Клим Оглобля первым почуял, что дело нечисто. Но даже он ничего не мог поделать — люди в чёрном, с обнажёнными саблями и готовыми к стрельбе пищалями возникли, словно из-под земли. Нельзя было и помыслить о сопротивлении — в то время как часть этих людей, жутко напоминающих тех, кого казаки и ляхи разили у постоялого двора шинкаря Мойши, рассыпалась по всему биваку, около двух десятков, готовые применить своё оружие, замерли над раненными.
— Бросьте оружие! — прогремел густой, злой голос словно бы со всех сторон. — Ну, быстро! У вас нет ни единого шанса! А если б и был, знайте, что первыми умрут ваши друзья! Пожалейте их… ведь они не могут сопротивляться!
Пан Роман, напряжённый, злой, первым бросил кончар.

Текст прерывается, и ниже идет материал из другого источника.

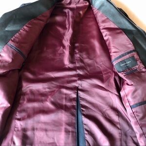Gorgeous burgundy liner. One button. Two front flap pockets and one open pocket at breast. No size, materials or care instructions labels. Measures as a M but please refer to measurements to ensure proper fit.
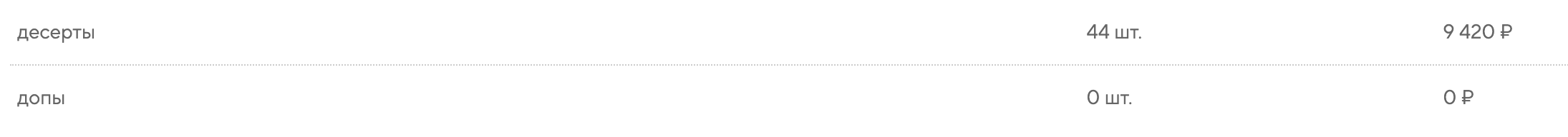 Менее популярные категории «десерты» и «допы»:
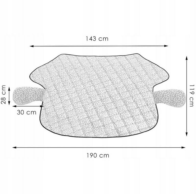 Установить коврик очень просто – достаточно прижать его дворниками снизу и прижать боковые выступы передними дверцами. Кроме того, чехол имеет держатель для зеркала и вшитые под материал магниты, которые крепятся к автомобилю, обеспечивая надежное крепление даже в ветреные дни.
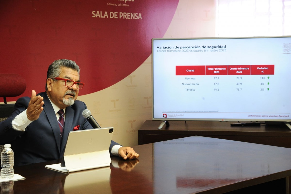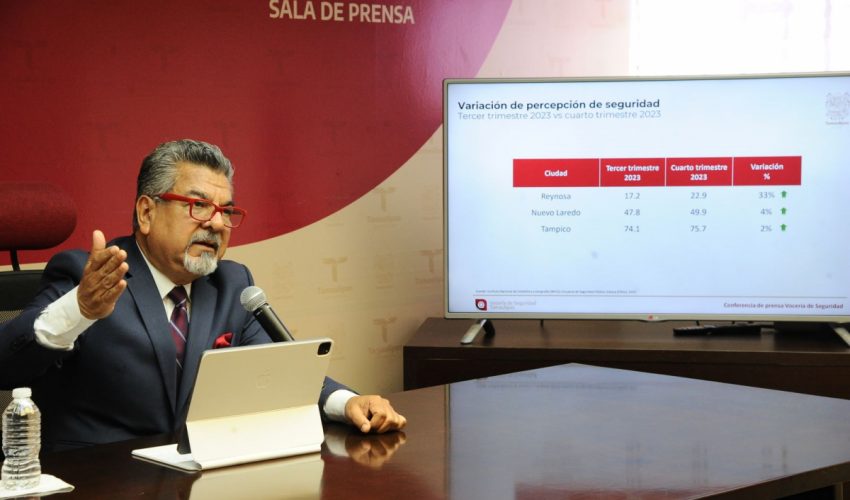 El vocero de Seguridad Pública de Tamaulipas, Jorge Cuéllar Montoya señaló que en la Encuesta Nacional de Seguridad Pública Urbana, publicada por el INEGI y que corresponde al cuarto trimestre de 2023 (octubre a diciembre), en tres de las cuatro ciudades consideradas, se registró este incremento de percepción de seguridad, comparado con el trimestre anterior.
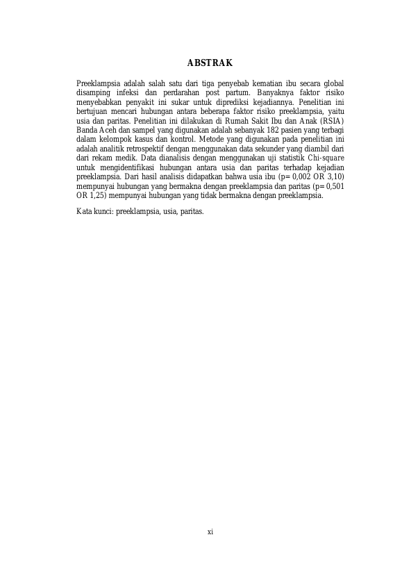Baca Juga : HUBUNGAN USIA DAN PARITAS IBU TERHADAP RISIKO TERJADINYA PREEKLAMPSIA (Cut Nurul Azzahra, 2014)
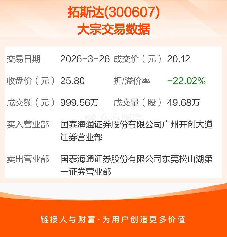 大宗交易:拓斯达成交999.56万元,折价22.02%(3-26)
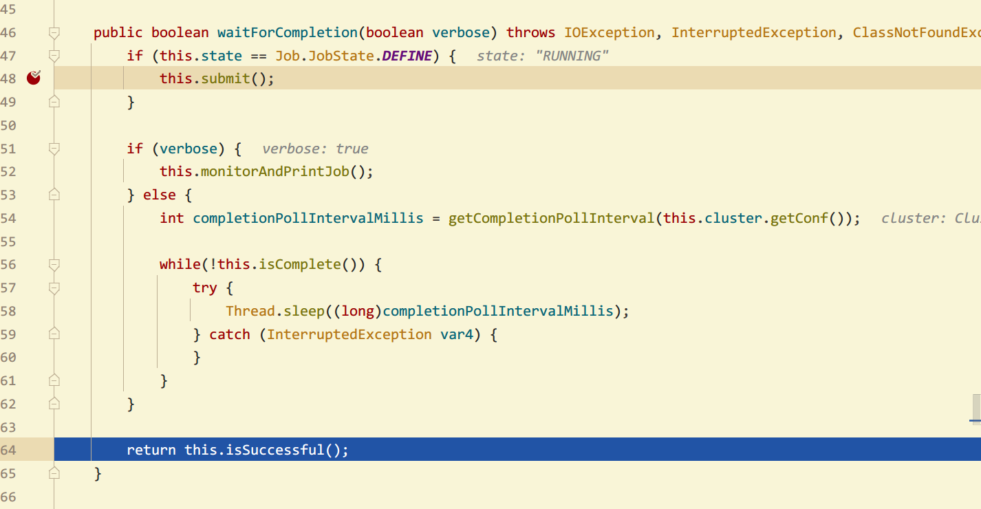 this.monitorAndPrintJob(); // verbose为true, 就会在控制台打印具体的job相关信息
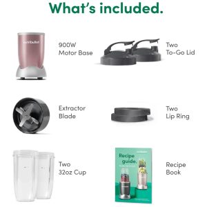 O conjunto inclui: (1) Base do motor de 900W, (1) Lâmina extratora, (2) Copos de 946 ml, (2) Tampas para viagem, (2) Anéis de vedação, (2) Anéis de vedação com alça e Livro de receitas.
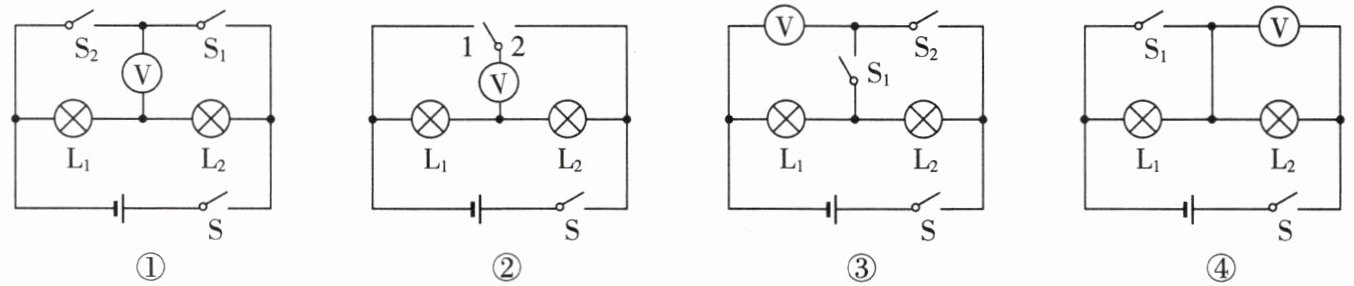 (4)利用本实验结论,如图所示的四个电路图中,只通过开关的断开或闭合就可得到灯$L_{1}和L_{2}$两端电压的是______(填序号)。

Что тут говорить — проспали…
— Непохоже, что это — московиты! — процедил сквозь зубы пан Анджей, последовав его примеру.
— Да, это — люди Ворона! — мрачно сказал пан Роман, словно бы невзначай заступая дорогу направившемуся к Татьяне шишу [20]. — Ну, мы ещё не померши!
— Всё впереди! — согласился с ним пан Анджей…
2
— Лежи ты, дурень! — сердитым шёпотом рявкнула Зарина, всем телом навалившись на Марека. — Сам погибнешь и никого не спасёшь! Ну, лежи! Пожалуйста, Марек!
Последняя просьба, почти мольба, вкупе с мягкой грудью, прижавшейся к спине Марека, на время подействовала, отрок затих. Скрежет зубовный, впрочем, слышен был за несколько шагов… Лежащий рядом Яцек покрылся холодным потом, когда кто-то из разбойников прошёл в нескольких шагах.
Им сказочно повезло — разбойники не заходили с этого конца, а потом не заметили их, укрывшихся под повисшими до земли густыми ветвями ели. Здесь было почти темно и почти ничего не видно. Любой мог найти их — достаточно было приподнять ветви… Да ещё скрежетал зубами Марек.